§ **Exercise objective**
Taking the entries below, transcribe only the lines starting with the one with "Beim Abbiegen mit" and going on through the one with "(3) From the", exactly as written, without the pictures.

§ **Records for processing**
%%

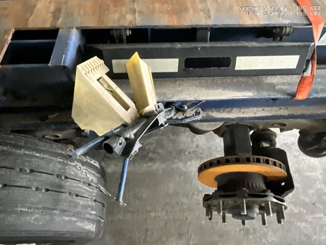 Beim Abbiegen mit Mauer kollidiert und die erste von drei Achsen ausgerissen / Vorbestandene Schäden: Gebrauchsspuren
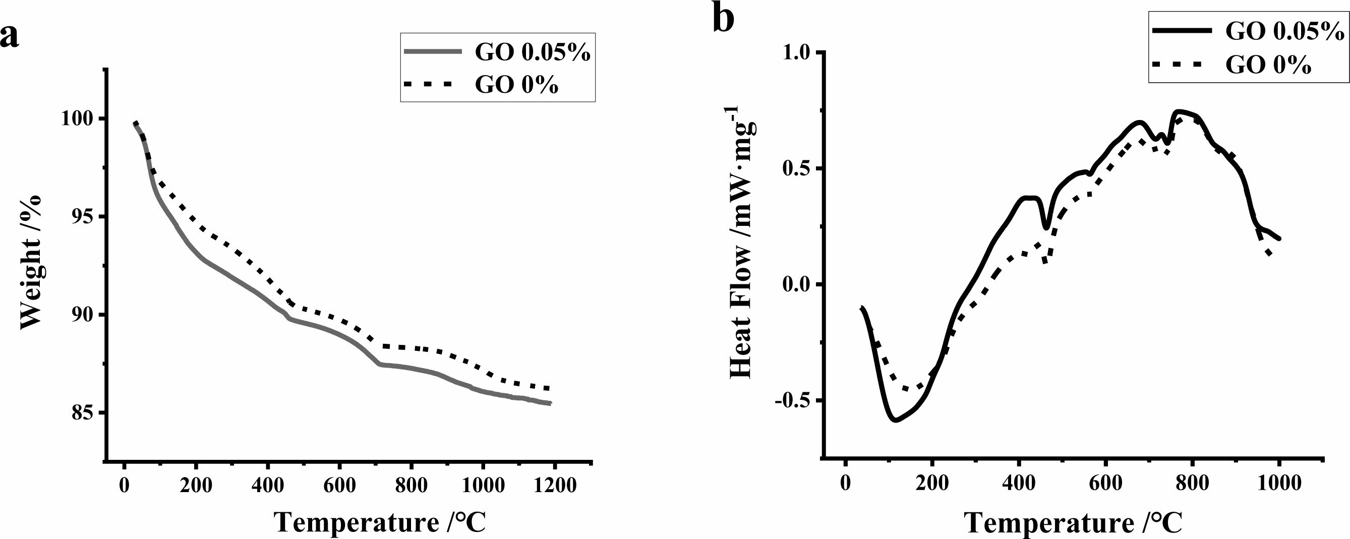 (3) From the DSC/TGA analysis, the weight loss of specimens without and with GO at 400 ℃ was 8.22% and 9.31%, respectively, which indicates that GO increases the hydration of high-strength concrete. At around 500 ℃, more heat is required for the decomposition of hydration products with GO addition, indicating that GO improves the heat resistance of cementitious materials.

%%
%%

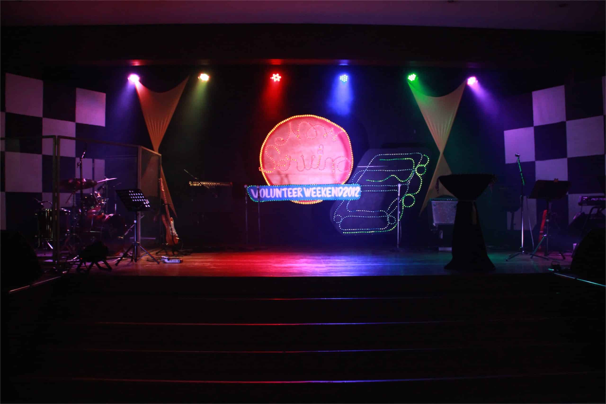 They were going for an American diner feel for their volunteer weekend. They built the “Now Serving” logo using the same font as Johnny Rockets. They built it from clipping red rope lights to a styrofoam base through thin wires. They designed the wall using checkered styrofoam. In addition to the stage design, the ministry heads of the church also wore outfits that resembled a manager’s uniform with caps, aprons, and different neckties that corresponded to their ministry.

%%

§ **Output**
 Beim Abbiegen mit Mauer kollidiert und die erste von drei Achsen ausgerissen / Vorbestandene Schäden: Gebrauchsspuren
 (3) From the DSC/TGA analysis, the weight loss of specimens without and with GO at 400 ℃ was 8.22% and 9.31%, respectively, which indicates that GO increases the hydration of high-strength concrete. At around 500 ℃, more heat is required for the decomposition of hydration products with GO addition, indicating that GO improves the heat resistance of cementitious materials.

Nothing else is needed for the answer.